One the most commonly utilized tools for practicing magic is our good old friend, the mirror. The mirror sees all, silently watching, and reflecting back upon us: judging us and praising us. Whatever we put before it, it presents back a reversed, perfect picture of our skill! Or does it?
Sometimes the mirror lies. But the problem I believe is not the tool… rather the user.
Here are four Mirror pitfalls that can deceive us while practicing our visual wonders:
1. The mirror reflects the performer’s view point, not what the audience sees. There has been trend in recent sleight of hand where the move has become the magic. In other words, sleights that were once designed to be used in the invisible moments now have blatantly become the magic moment.
Using quick movements, such as snapping motions and adding elastic threads to props, rapid fire sleights have become the actual effects! Stunning vanishes and appearances of small objects are all the rage. (The classic Retention Vanish of a coin can be seen as a precursor example of this. Or in card magic, think of the Snap Change.)
We are creating extra visual, live special effects with our moves. Trésor is a documentary of sorts, full of easy to perform moves like this. I believe we are evolving our performance in response to the CGI we see in the movies.
All of this is exciting for Magic in my opinion, but our friend the mirror is much older than these flashy moves. Mirror does not know these new sleights that often require different angles. (That was said tongue in cheek, I’m afraid it’s the performer who does not know the angles.) A magician can make perfect moves through the looking glass, which will reflect back the pure genius fruits of his creativity. But to a live audience that is sitting at the wrong angle, the secret to a genius effect can stick out like a brightly colored birthday card placed in the sympathy section. Beware!

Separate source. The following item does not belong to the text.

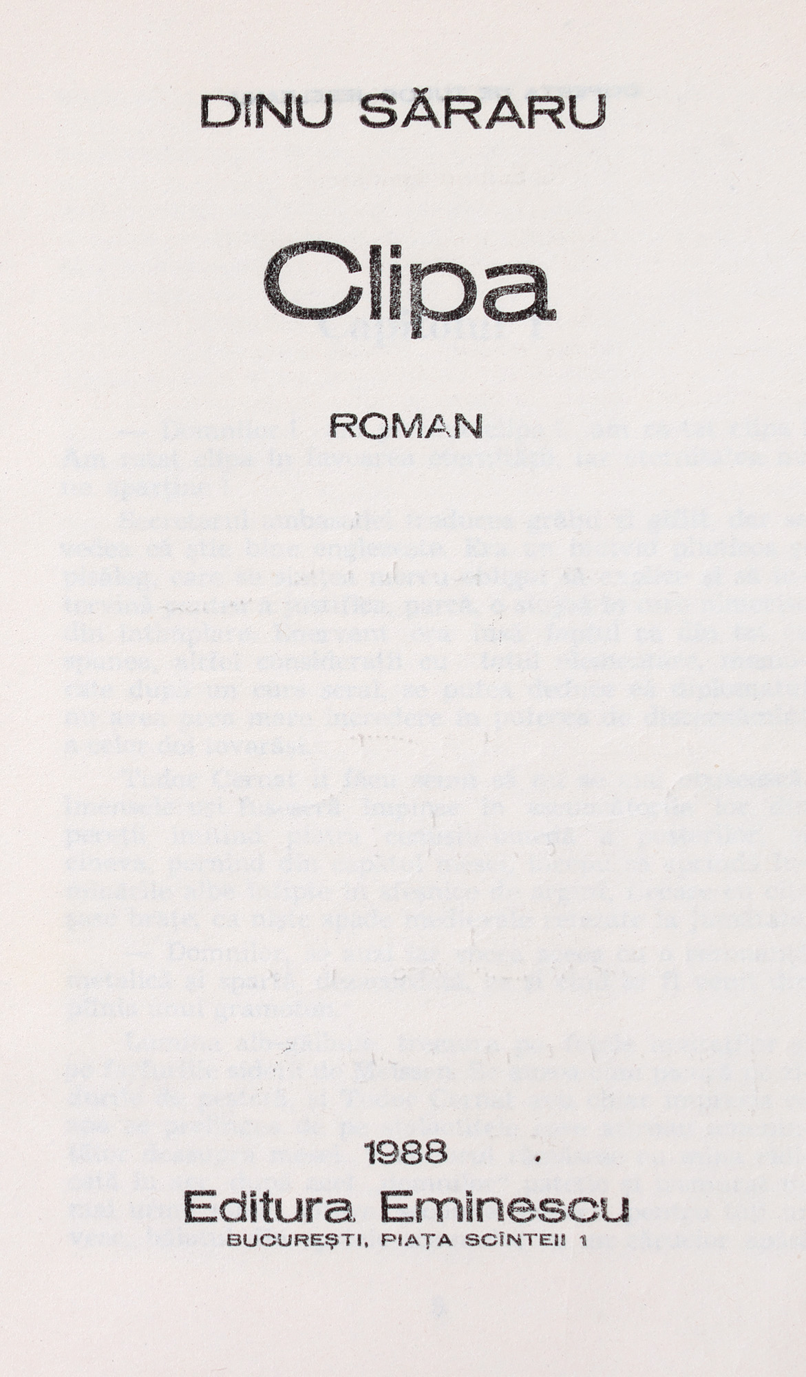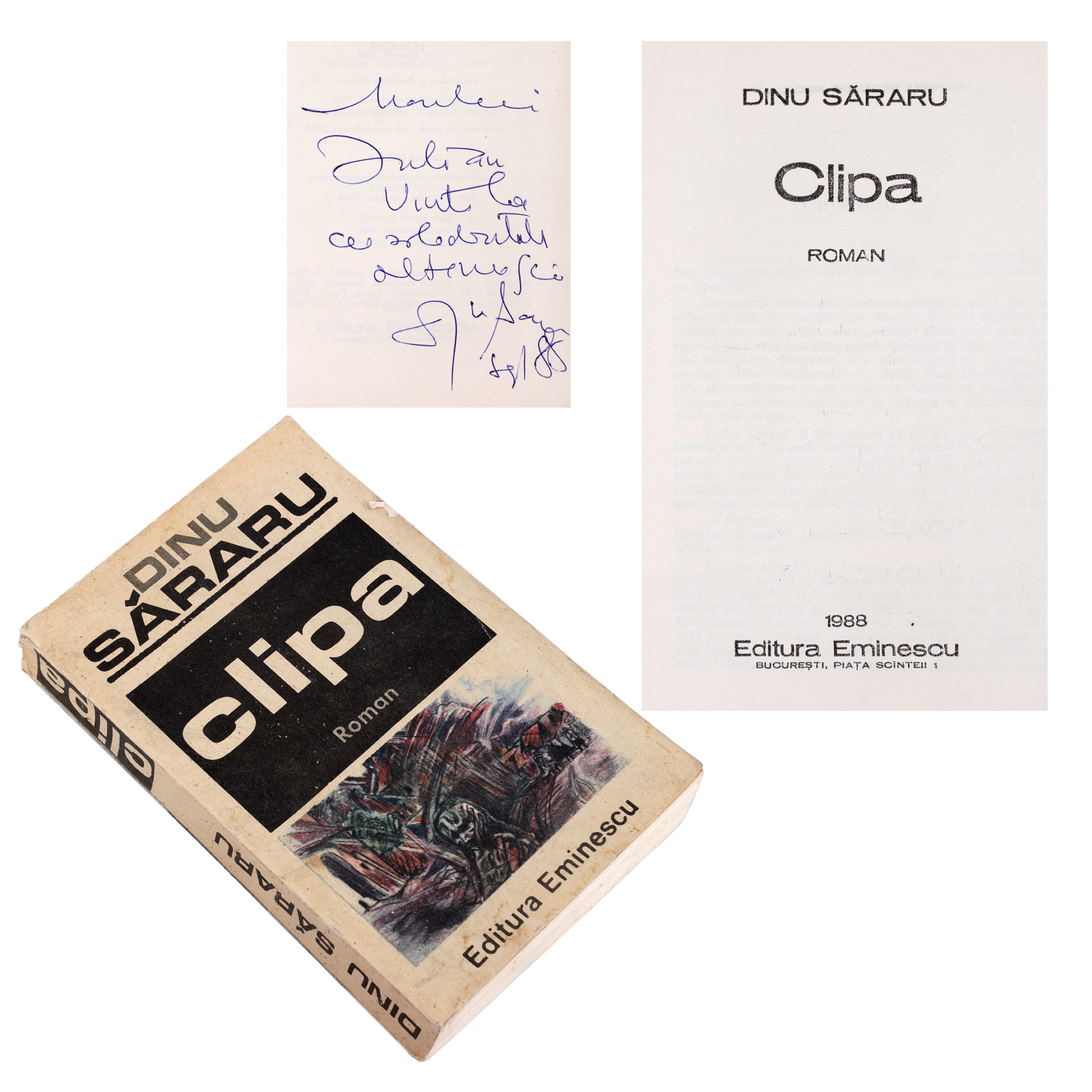 57. ”Clipa”, de Dinu Săraru, București, 1988, cu semnătura olografă a autorului

Solution: Take a step back from the mirror, see if the move looks good from a broader angle. Use multiple mirrors to see different viewpoints.
2. The mirror gives instant feedback, not delayed feedback. The mirror is only good in the exact instant of the move. You may replay the way the move looked in your mind, but you may also misremember and lie to yourself.
Solution: Try practicing in slow motion and stopping at key points. Make a visual sweep around every angle and look at every hand position to see if it looks clean and natural. Fix each issue. Don’t forget to speed your performance back up to a normal, unsuspicious pace. You should never change pace, slower or faster, to execute a secret move in performance!
3. The mirror is only as good as your eyes. It never blinks, you do. So if you blink or tend to get tense before a sleight, you could blur your vision just enough to make something bad look acceptable. Funny as it may seem, it is even possible to train yourself to blink at the right time to make something look great! If you do this, consider also training your different audiences to blink in synchronization for you to hit the move each time… haha!
Solution: Use a clean mirror. Seriously, smudges detract light and hide errors. And know your body. If you feel tension building around a sleight, train yourself to relax. Please note, you must be relaxed during the whole performance, unnaturally relaxing just before a move could create a different tell. I believe, more than practicing being relaxed, practice being confident.
4. The mirror teaches us to look at our hands, not our audience. You can always tell a young magician who doesn’t perform much for real people. They stare at their hands intently while they perform. Maybe because they practice while staring at their hands. Eye contact is natural and creates misdirection away from the secret. Hand staring is unnatural in almost any profession, it conveys nervousness, and it directs people toward the secrets in sleight of hand.
Solution: Your practice must move beyond the mirror. You will not have a silver backed pane of glass in front of you when you get out to perform. So, once you get the move down, leave the mirror and practice in front of empty chairs or stuffed animals in chairs sitting at the correct eye level of a real audience. Practice the interaction. And then of course, move on to live performances for real feedback and growth!
An obvious solution to many of these pitfalls is the use of the video camera. Recording our practice gives us an audience perspective! Almost all of us have recording capabilities on our cell phones nowadays.
Video recording your practice is wonderful, but it’s laborious to rewatch, time consuming, and has it’s other faults, too. We’ll discuss all pros and cons of that soon enough! But don’t loose sight of the importance of classic mirror practice. Correct mirror practice moves quickly and can give you the necessary reps to get that muscle memory in shape! Don’t overlook the mirror.
Do you have any other mirror practice pitfalls or stories to share?